Key Technical Insights

1. The atthasmissing mechanism has a hidden invariant with table rewrite: any code path that rewrites a heap must either preserve atthasmissing or materialize missing values into every rewritten tuple before clearing it. finish_heap_swap() assumes the latter; reform_tuple()'s fast path violated that assumption. This is exactly the kind of cross-module invariant that fast-default work (2018) and table-rewrite infrastructure (much older) each understand locally but neither enforces globally.

2. The REPACK CONCURRENTLY commit is the proximate cause but possibly not the root cause: the reform_tuple() fast path predates this change. Investigation into whether CLUSTER / VACUUM FULL were ever affected on earlier branches would be warranted; the quick bisect only establishes where it became reproducible on HEAD.

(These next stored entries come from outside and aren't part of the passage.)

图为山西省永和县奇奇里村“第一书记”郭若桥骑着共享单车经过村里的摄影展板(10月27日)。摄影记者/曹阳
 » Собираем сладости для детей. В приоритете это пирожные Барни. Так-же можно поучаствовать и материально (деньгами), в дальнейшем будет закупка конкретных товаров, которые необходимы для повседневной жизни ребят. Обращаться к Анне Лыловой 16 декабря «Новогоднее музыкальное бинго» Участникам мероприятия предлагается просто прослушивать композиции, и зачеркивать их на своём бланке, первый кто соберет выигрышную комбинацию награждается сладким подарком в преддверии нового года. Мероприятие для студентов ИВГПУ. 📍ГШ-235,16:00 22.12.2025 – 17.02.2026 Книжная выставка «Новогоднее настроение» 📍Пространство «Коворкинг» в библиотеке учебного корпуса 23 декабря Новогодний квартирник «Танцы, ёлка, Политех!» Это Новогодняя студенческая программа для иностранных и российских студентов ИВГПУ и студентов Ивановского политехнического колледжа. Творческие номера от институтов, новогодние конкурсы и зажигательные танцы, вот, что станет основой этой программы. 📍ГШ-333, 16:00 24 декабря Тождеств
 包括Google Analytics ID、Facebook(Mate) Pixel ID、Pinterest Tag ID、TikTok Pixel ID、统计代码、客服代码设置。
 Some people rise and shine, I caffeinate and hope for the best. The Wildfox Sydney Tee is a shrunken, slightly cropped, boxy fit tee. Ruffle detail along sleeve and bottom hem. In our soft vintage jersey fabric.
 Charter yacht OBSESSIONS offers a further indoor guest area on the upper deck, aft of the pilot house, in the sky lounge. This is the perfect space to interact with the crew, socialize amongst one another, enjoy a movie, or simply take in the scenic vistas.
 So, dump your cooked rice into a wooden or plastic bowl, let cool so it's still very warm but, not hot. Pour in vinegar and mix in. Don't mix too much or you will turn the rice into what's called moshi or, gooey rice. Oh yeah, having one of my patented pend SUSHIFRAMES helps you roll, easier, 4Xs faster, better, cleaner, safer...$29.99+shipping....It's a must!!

3. Silent NOT NULL / CHECK bypass is the real severity driver: had the bug only produced NULLs in nullable columns, it would be a correctness bug. The zero-value substitution on NOT NULL columns means downstream queries, application logic, and referential integrity can all be subtly wrong with no error surfaced.

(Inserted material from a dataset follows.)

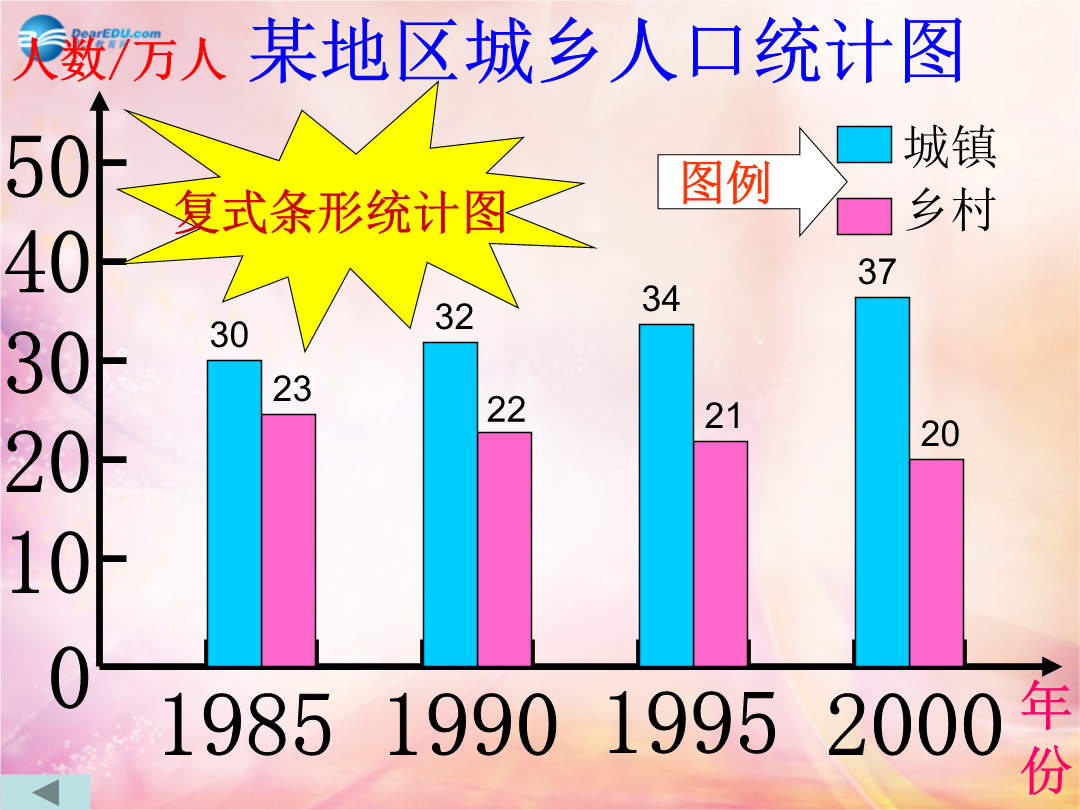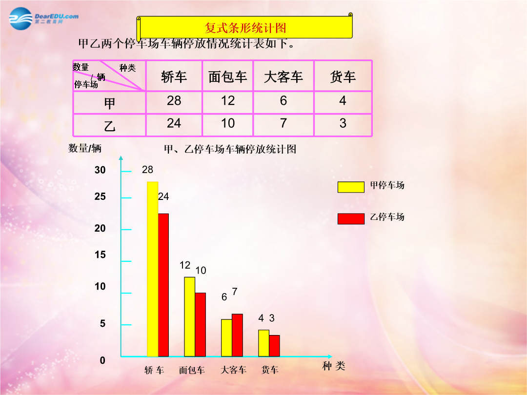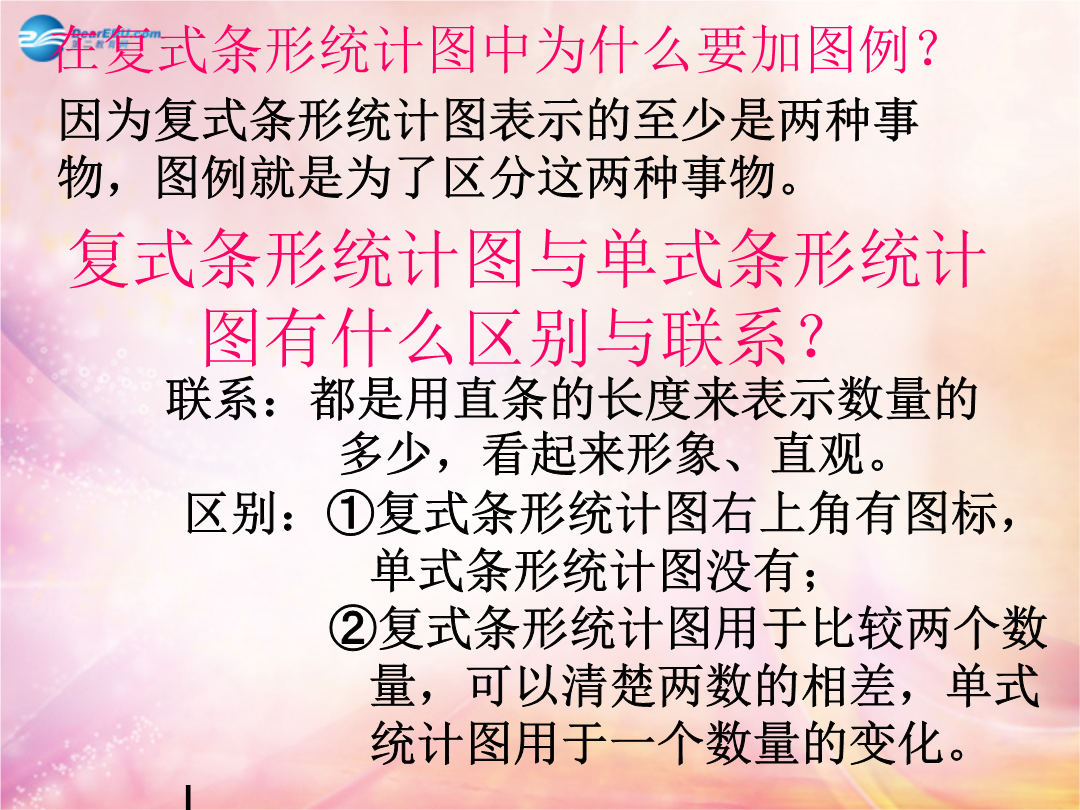 第六单元0复式条形统计图与单式条形统计图有什么区别与联系?6种类统计图是横着画的,数据写在统计图的右边.像这样的统计图叫做横向复式条形统计图.(1)你能提出什么数学问题?(2)你能得到哪些信息?保护环境,关爱家园,从我做起甲乙两个地区,甲地区绿化搞得好,乙地区树林和草地遭到破坏。甲乙两地近年来降水量如下表:甲乙两个地区,甲地区绿化搞得好,乙地区树林和草地遭到破坏。甲乙两地近年来降水量如下表。甲、乙地区降水量统计图根据统计表完成书上106页的统计图,并回答问题。。某小学四年级学生体重情况统计图李叔叔收到的邮件数量统计图

4. Fast path optimizations in tuple-reformation code need short-tuple awareness: any future optimization that tries to skip heap_deform_tuple → heap_form_tuple round-tripping during a rewrite must check t_natts against the target descriptor, not just look for dropped columns in the source.

Participant Dynamics

• Satya (reporter/author): Did the diagnostic work, including root-causing to reform_tuple() and identifying the interaction with RelationClearMissing(). Produced v1 and v2 patches.
• Tom Lane (committer, reviewer): Immediately ran bisect, pinned the commit, and gave a concise style objection that shaped v2. His weight here is both as a senior committer and as an authority on data-corruption-class bugs.
• Álvaro Herrera (committer, author of the offending commit): Took ownership of the fix — appropriate since he authored 28d534e2ae. Added additional comments and REPACK CONCURRENTLY test coverage, and pushed the final patch. His handling (acknowledging the issue quickly, adding test coverage beyond the minimum fix) is consistent with committer responsibility for regressions in their own work.

The cycle from report → push was approximately 24 hours, which is typical for a non-released-branch data-corruption bug where there is no back-patch coordination required.